The exhibition offers a core of 88 sheets - exposed in two cycles, three months each - that illustrate some of the main themes of art, technology and science, in which Leonardo was interested throughout his career, divided into sections: Hydraulic studies, Literary exercises, Architecture and stage design, Mechanics and machinery, Optics and perspective, Mechanic flight, Geometry and mathematics, studies on Earth and the Cosmos and Painting and Sculpture.

In particular the section "Devices and inventions" examines one of the most spectacular areas of investigation explored by Leonardo: the human flight, represented on this occasion by four studies in which the flying machine is associated with the study of flapping wings.

Of particular interest is also the analysis of the architectural theme. On display you can indeed admire a view of cruciform church that reminds the apse of Santa Maria delle Grazie in Milan, drawings for octagonal buildings, the study for the Tiburio of Cathedral in Milan, the drawings for an underground tunnel, for a fortress with semi-stellar plan and a drawbridge.
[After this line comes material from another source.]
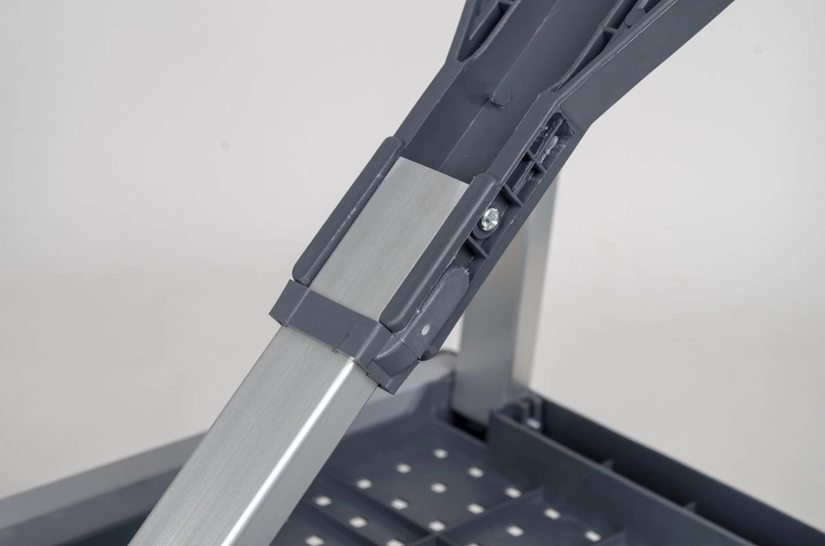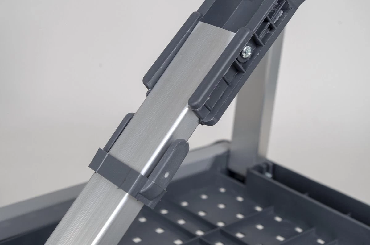 - De tafel beschikt over een stevig metalen frame met ABS tafelblad.

The exhibition also gathers a series of drawings in which Leonardo enunciates a very important principle, concerning the laws which regulate the life of the human "machine" and the very existence of the earth, understood as a living giant with veins, arteries, bones, lungs, vital organs.

The discovery of the artistic genius of Leonardo continues with the exposure of the "Musician" and "Portrait of a Lady". At the Pinacoteca, with its 24 rooms, visitors can furthermore embark on a sweeping journey into the world of art starting from the Renaissance masterpieces including works by Botticelli, Titian and Bramantino, but also Raphael, Caravaggio and the copy of the Last Supper commissioned in 1619 to Vespino in order to preserve the authentic image of Leonardo's masterpiece.

The exhibition, conceived and developed in conjunction with Expo 2015, closes the exhibition series started in 2009, on the occasion of the fourth centenary of the opening to the public of the Ambrosiana, with the aim to offer visitors the opportunity to admire the whole Codex Atlanticus.

The Codex Atlanticus is the largest and most amazing known collection of Leonardo's sheet, a huge volume set at the end of '500 by the sculptor Pompeo Leoni, who picked up a series of writings and drawings by da Vinci consisting of about 1,750 units, which embraced the entire intellectual life of Leonardo for a period of over forty years. In 1622 it was bought for 300 shields by the Milanese nobleman Galeazzo Arconati that, in turn, donated it, along with 11 other manuscripts of Leonardo, to the Biblioteca Ambrosiana, where it has since remained. Now it is the first time in history that the famous sheets of the Codex Atlanticus by Leonardo da Vinci are shown to the general public in the ancient Reading Room of the Biblioteca Ambrosiana, inserted for the occasion in the exhibition of the Pinacoteca.